Las ventajas de estar soltero se convierten en cadenas cuando no es una decisión libre.
Aún así existen y ya se han comentado muchas.
Mi madre siempre dice: "el buey suelto bien se lame". Y yo me llevo lamiendo tanto tiempo que se me han ido todas las calcamonías.

Me llevo lamiendo tanto tiempo que me llaman "er quillo de las Oreo" así, como nombre artístico.
Estar soltero te evita ser sujeto de experimentación de las trampas mortales de las mujeres, que ríete tú de la película "El cubo". Aquí no es que el tonto consiga llegar a la salida. Aquí, salgas como salgas te quedas tonto (ah y, por supuesto, como el malo de la película).
....................... pongo una línea de puntos porque vosotros ya sabéis muchas de las pruebas que se cascan estas maestras del suspense y de la intelectualidad profunda. Se han frito celebros, se han colgao neuronas... tratando de dar respuesta a esas mezclas entre un haiku y una trampa de las de Indiana Jones.
Si queréis tener pareja para tratar de ser más normales y más adaptados a vuestra sociedad, estad seguros de que no lo conseguiréis.
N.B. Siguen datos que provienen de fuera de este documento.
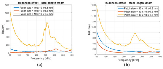 Figure 10 shows measurements of the real part of the impedance over a frequency from 50 kHz to 400 kHz, great dynamic activities in the region are seen for both the steel lengths and the patch thicknesses. Regarding magnitude, the difference between the patch size thickness of 0.3 and 0.5 mm is on similar scale, but an increase to 1.5 mm shows significantly higher magnitudes for both steel lengths. It should be noted that an increase in patch thickness also has the effect of decreasing the capacitance of the patch (see Equation (9)), which means higher impedance values.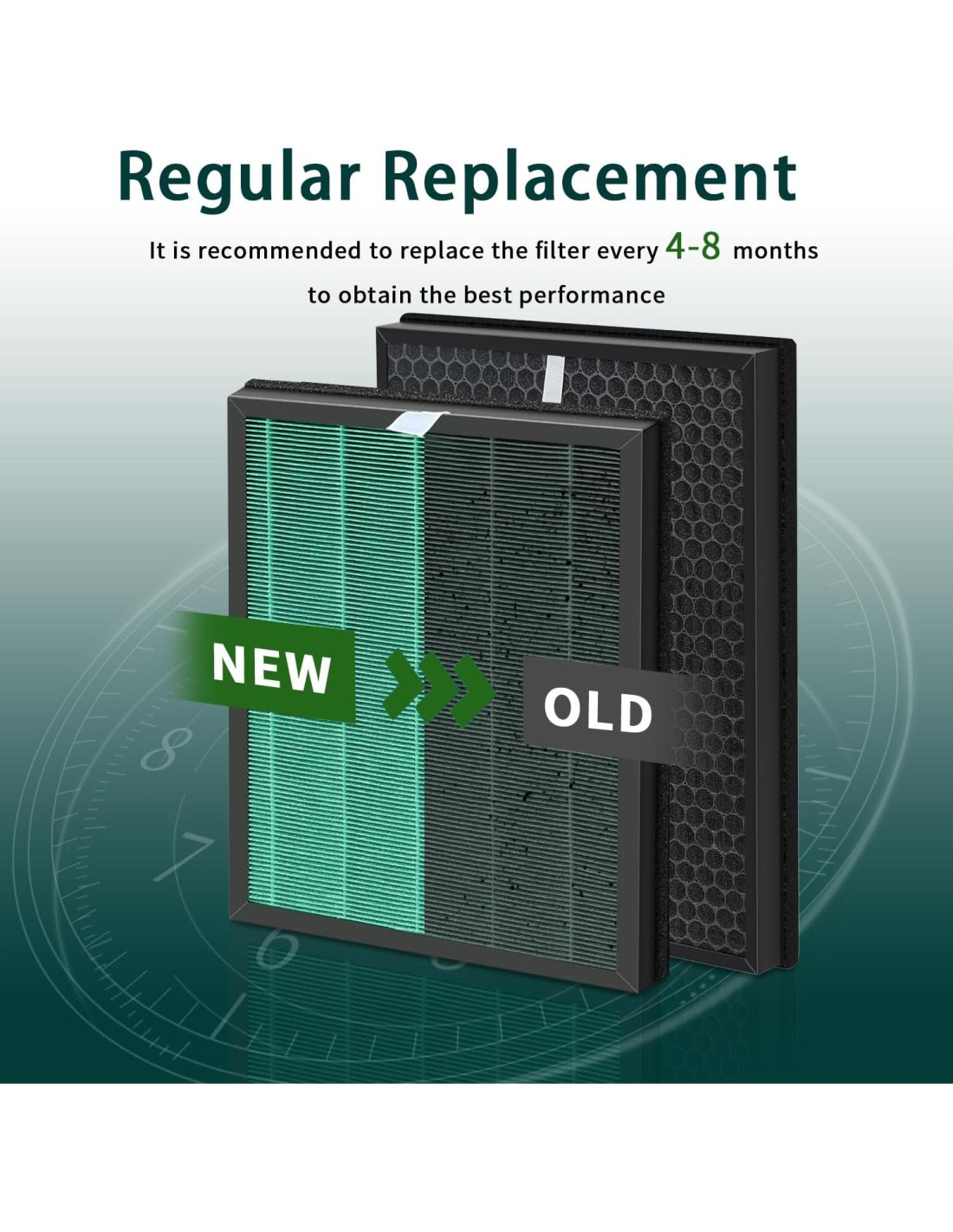 - [PAQUETE DE VALOR] Incluye 1 filtro de reemplazo (con carbón en panal) Para un mejor rendimiento, reemplace el filtro CADA 6-12 MESES o dependiendo de la calidad del aire y la frecuencia de uso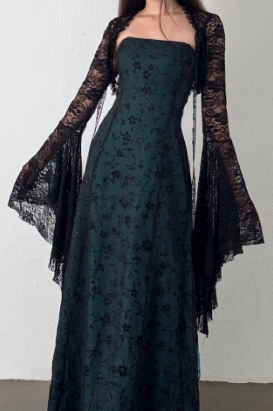 NiceVestidos--Dark green vintage exquisite floral long chiffon prom dress homecoming dress fairy dress Nv5587
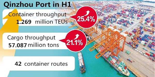 In the first half of 2019, Qinzhou Port completed a port cargo throughput of 57.09 million tons, a year-on-year increase of 21.1 percent. Its container throughput reached 1.27 million TEUs, an increase of 25.4 percent.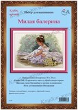 Вышитая картина: Маленькая девочка присела, чтобы завязать пуанты. Она – будущая балерина. Ее платьице, балетная юбка, аккуратно уложенная прическа, возможно, она станцевала свою первую партию на сцене. Рядом букет нежно-желтых роз. Это ее успех и награда. Вышивается картина крестом и полукрестом в 2-4 нити. Для смешанных тонов прилагается специальный диспенсер. Дополнительные стежки, делающие картину такой прорисованной, выполнены обратным стежком. В работе использовано 40 цветов мулине.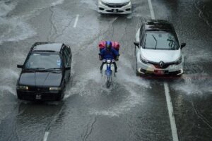 Dalam sebuah video lain, seorang lelaki dilihat bergegas membantu seorang pemandu penghantaran yang terjatuh dari motosikalnya akibat banjir.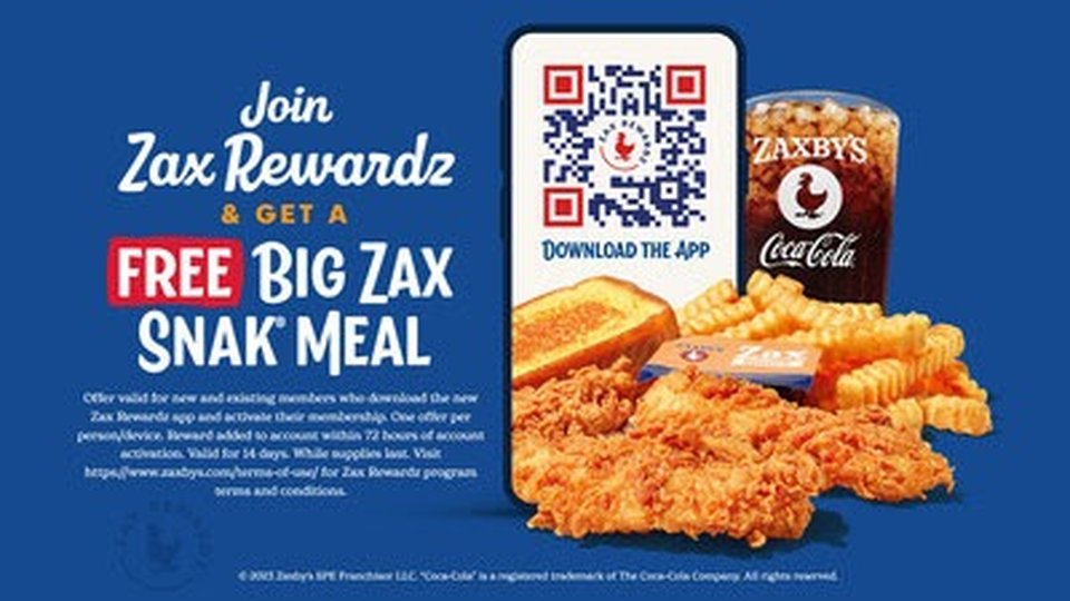 Amid rising loyalty cutbacks in the restaurant industry, Zaxby's is rewarding its most loyal fans by extending its welcome offer — a free Big Zax Snak meal — for downloading and joining its Zax Rewardz program. The meal features three Chicken Fingerz, Texas Toast and Zax Sauce served with Crinkle Fries and a small Coca-Cola Freestyle drink.
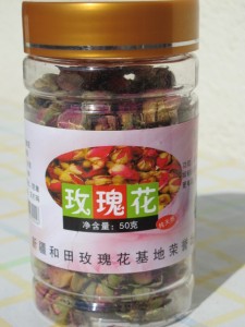 Eine Freundin in Shanghai drückte mir ein Schraubglas getrockneter Rosenblüten in die Hand. „Etwas ganz Besonderes“, sagte sie. „Rosenblütentee! Das Mittel der Frauen.“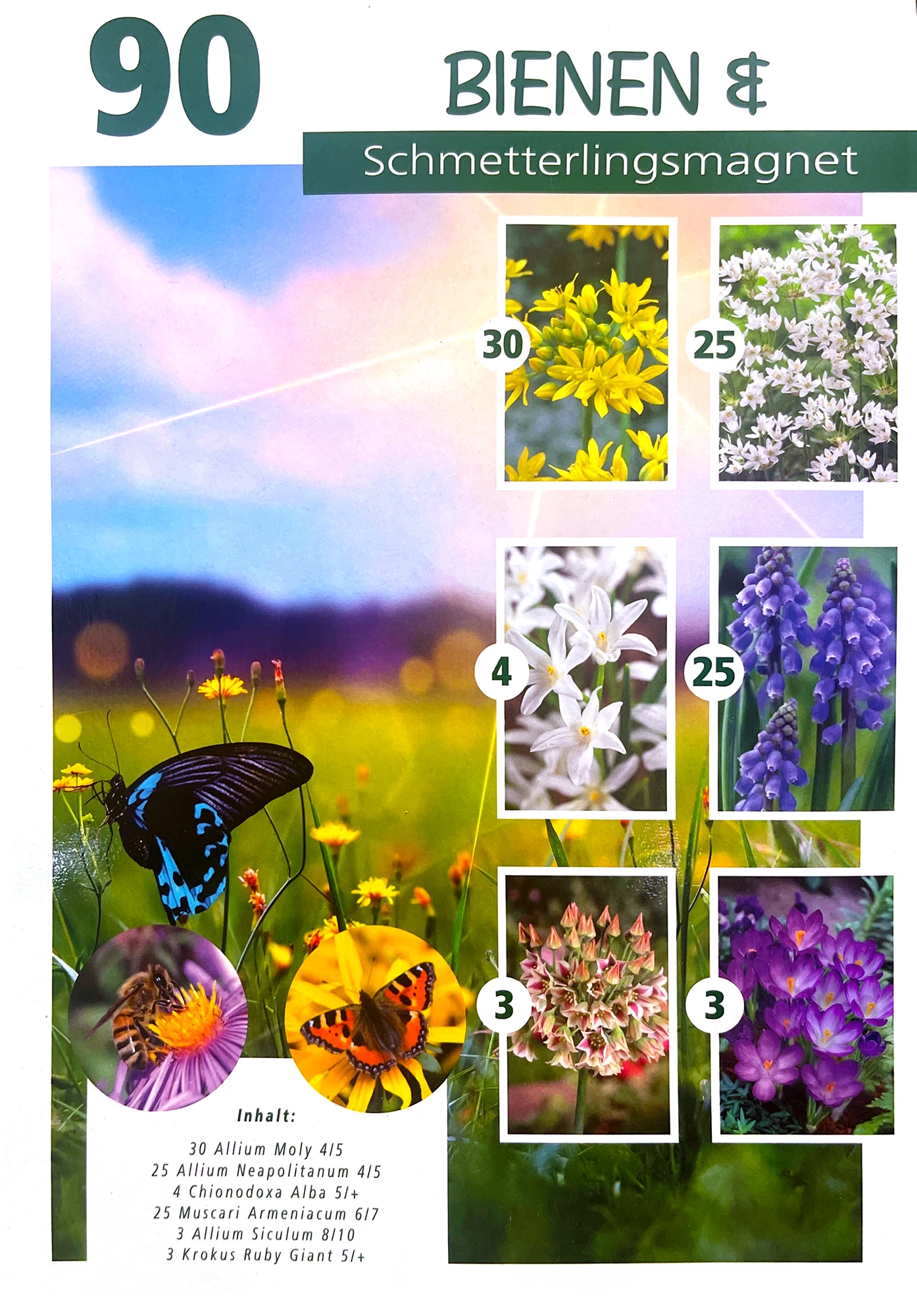 Diese Mischung besteht aus: 30 Stück Allium Moly, 25 Allium Neapolitanum, 4 Stück Chionodoxa Alba, 25 Stück Muscari Armeniacum, 3 Stück Allium Siculum, 3 Stück Krokus Ruby Giant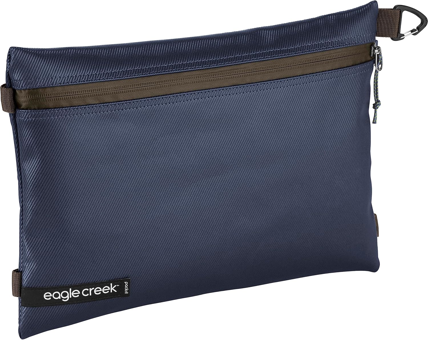 Built for those who require durability, organization, and versatility in their gear, the Eagle Creek Pack-It Gear Pouch is your go-to travel pouch for everything from casual camping trips to rugged expeditions. Whether you’re organizing tools, keeping your toiletries and tech dry, or storing campsite essentials, this multi use pouch is designed to keep small items organized and keep items secure, no matter where you roam. Constructed with strong, PVC free, recycled polyester, this sustainable gear pouch is built to last and protects against wear, water, and rough handling. Its water-resistant coating makes it a great wet gear pouch or protective travel pouch. This durable tool storage bag adapts seamlessly to your needs and can be used as anything from a camping pouch to an ideal tool bag, and beyond. Compact yet spacious, it’s the perfect compact storage bag to tuck into your backpack, luggage, or duffel. The lightweight travel pouch includes an easy-to-grip climbing rope-inspired zipper pull and an external triangle snap-hook that allows it to be used as a luggage attachment pouch for quick access and easy handling. Whether you’re heading off-grid or staying organized on the go, the Eagle Creek Pack-It Gear Pouch delivers capacity, repairability, and long lasting performance. Use it as a travel essentials bag, pouch organizer, travel gear pouch, or as your everyday travel accessory. It’s a versatile storage pouch made for real-world adventures. For nearly 50 years, Eagle Creek has been committed to equipping travelers with the most responsibly-designed, durably-built, functionally superior adventure travel bags, luggage, packs, organizers, and gear. This unwavering commitment continues to define our company’s mission to this day. Our No Matter What warranty has become a keystone promise for our community of travelers. Wherever your next adventure takes you, we have the solution to take your travels to the next level.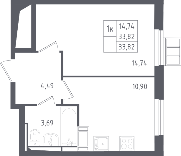 1-комнатная квартира № 221, 33.82 м2 с отделкой 11 эт.

Tener a la parienta al lado os garantiza un lugar de privilegio en el manicomio más cercano. Y como ya no se estilan tan singulares instituciones, no os quedará otra que desfogar vuestra bilis diaria en las vías urbanas o en reuniones de la comunidad de vecinos.
Concluyendo, que estando solteros ganamos en salud, que a su vez la perdemos por estar tan ansiosos con el p*** sexo, así que jodidos estamos de una u otra manera. Aquí los únicos solteros que mojan son los perros del vecino y los gatitos callejeros. El resto, aquí andamos, obsesionados con lo inalcanzable... unos asnos pegados a una zanahoria que no la podemos trincar.